# Ride Quality Difference between 595 Ultra and 585 Ultra



## JAG MN (Jan 10, 2006)

Hey List,

Been looking for a 585 or 595 Ultra for a while now and will probably score a used one in the off-season (I cannot afford new). Has anyone noticed a ride quality difference (in terms of vertical road compliance) between the two? I love the looks of the 595 with the ISP, but am wondering if you pay for that in terms of increased stiffness transfering directly to your bootie? I have heard wonderful things about both bikes, in particular the 585 and how it is one of the smoothest and most comfy bikes people have ever ridden (while still getting supreme performance). 

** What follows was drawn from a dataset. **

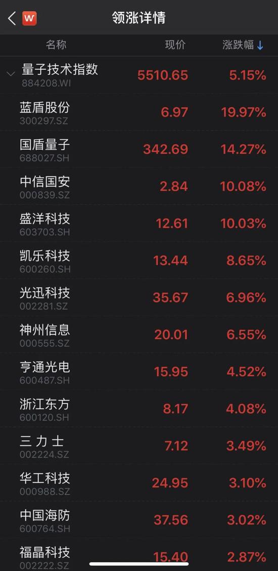 在今日的市场中,表现最为强势的当属量子技术板块,截至午间收盘,Wind量子技术指数上涨5.15%,板块内蓝盾股份(6.970, 1.16, 19.97%)、中信国安(2.840, 0.26, 10.08%)(维权)、盛洋科技(12.610, 1.15, 10.03%)涨停,国盾量子(328.880, 28.98, 9.66%)涨逾14%。
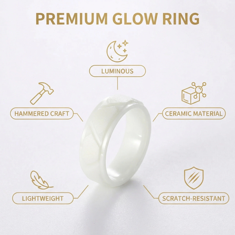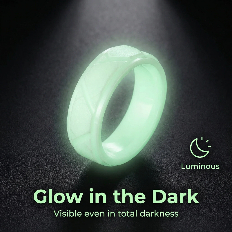 8mm Glow-in-the-Dark Ceramic Ring | Engraved Cut Texture & Matt Finish | Unique Night Jewelry CR1901

Any other pro's/con's between the two are welcome.

Thanks, JG


----------



## Forrest Root (Dec 22, 2006)

Why are you set on Ultras? Why not Origins?


----------



## nrspeed (Jan 28, 2005)

I test rode the 585 ultra, and both the ultra and origin 595 models. I ended up going for the 585 ultra for the price. I felt the 595 ultra was way too rough of a ride for me and the 585 origin was the smoothest- most connected to the road feeling of the three. According to Look, the 585 Ultra is stiffer than the 595 origin.
You will probably have a very difficult time finding a 595 that is used, let alone one that is close to your seat height. 
The 585 is a great bang for you buck frame in either dress.


----------